Сказка начинается с умения топить печь. Печь можно топить под суп и кашу, можно топить под хлеб и рыбники, то есть пироги с рыбой, и совсем особо надо топить печь под хороший сушник. Печь для хорошего сушника должна быть в меру жаркая, а для этого надо знать и печь, и дрова, знать не хуже, чем знаем мы свой любимый инструмент, будь то топор или концертная гитара.
Итак, печь вытоплена. Ее нельзя остудить, а поэтому надо быстро вымести угли. Угли выметаются помелом, сосновой мохнатой метелкой на длинной ухватистой ручке. Помело предварительно смачивается, окунается в озеро или в кадушку с водой, и эта вода не дает сосновой игле вспыхнуть, заискриться рядом с жаркими углями. Углей в печи больше нет, и тогда на под, на ровный пол очага, тонкими рядками выкладываются тростник или солома.

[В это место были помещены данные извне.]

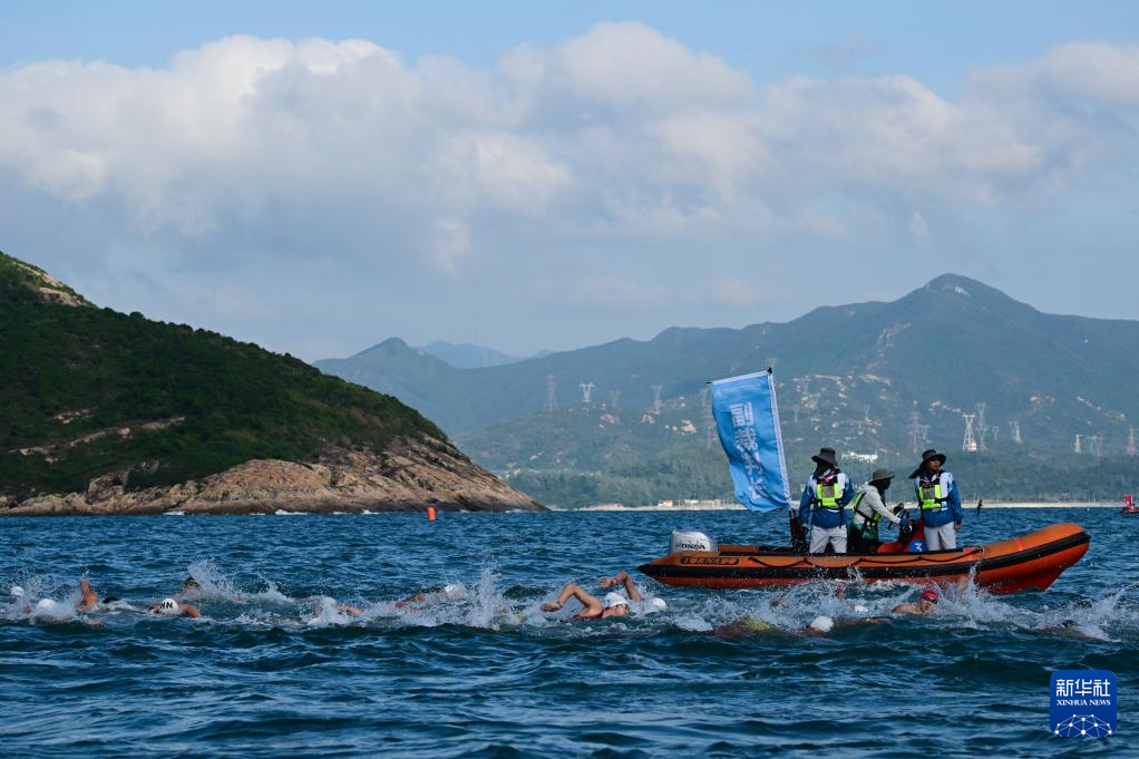 11月6日,香港队选手冼展霆在比赛中游过转弯浮标。

Солома вздрогнет, затрещит, грозя вот–вот взорваться, вспыхнуть белым пламенем, но ловкая деревянная лопата уже успела выложить на солому куски рыбы. Рыба зашипит, заварится на жару, закроет собой солому, не пустит огонь, а солома, тонкая и слабая, не даст рыбе припечься к глиняному поду.
Сначала я долго удивлялся, как могут жить рядом огонь и хрупкая солома, что стелется под рыбу на раскаленную глину. Казалось непонятным, почему солома не вспыхнет, почему только потрескивает. Огонь и солома. И это радом, как рядом сейчас сырая холодная ночь и тихий уют рубленой избушки…

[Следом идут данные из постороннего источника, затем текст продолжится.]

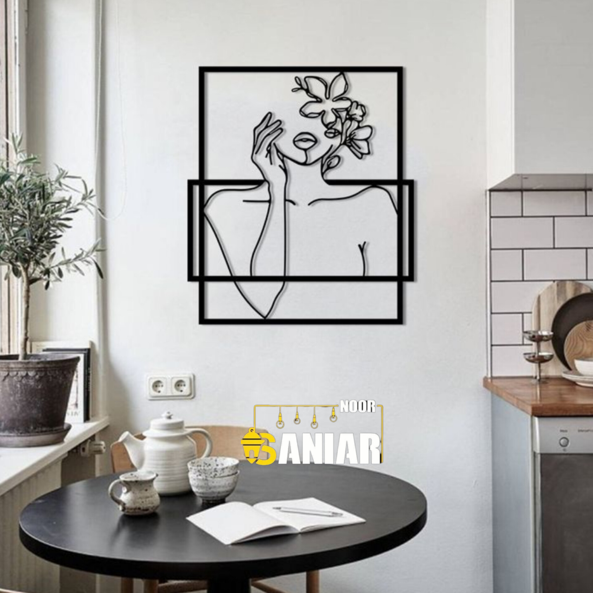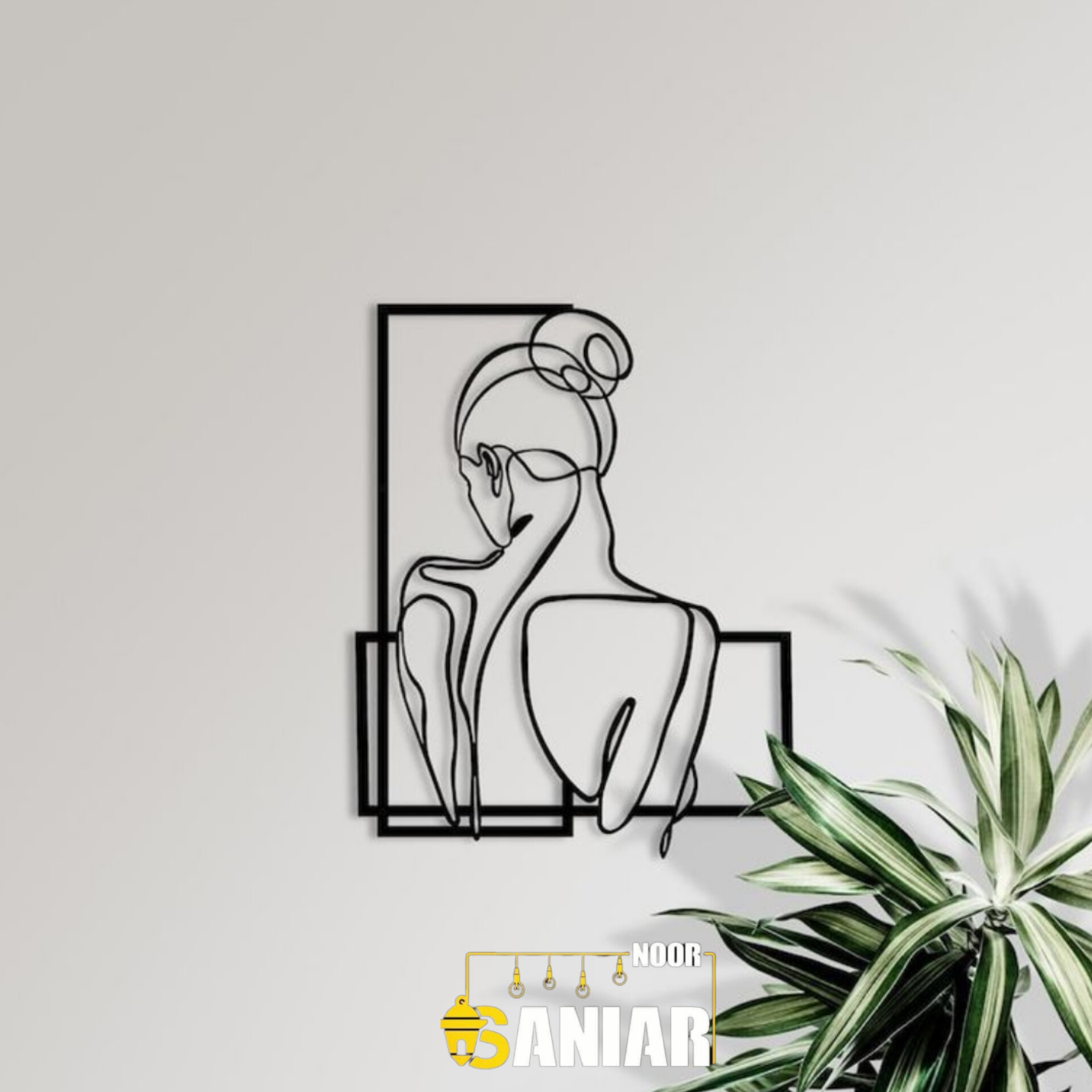 تابلو دیواری فلزی چهره زن | طراحی هنری خطی با سبک مدرن

Первый раз я сушил рыбу с опаской, долго не мог уснуть, слушал шипение и треск в печи, вставал, зажигал коптилку и неуверенно всматривался в таинственную глубину очага. Рыба высохла, не сгорела, солома осталась соломой, я успокоился и где‑то для себя понял, что, может быть, именно так, на таких контрастах, и живет северный лес, живет тайга, где легкая, светлая березка вместе с ромашкой и земляникой приветливо встречает человека, только что покинувшего тяжелое, черное болото еловой тайги…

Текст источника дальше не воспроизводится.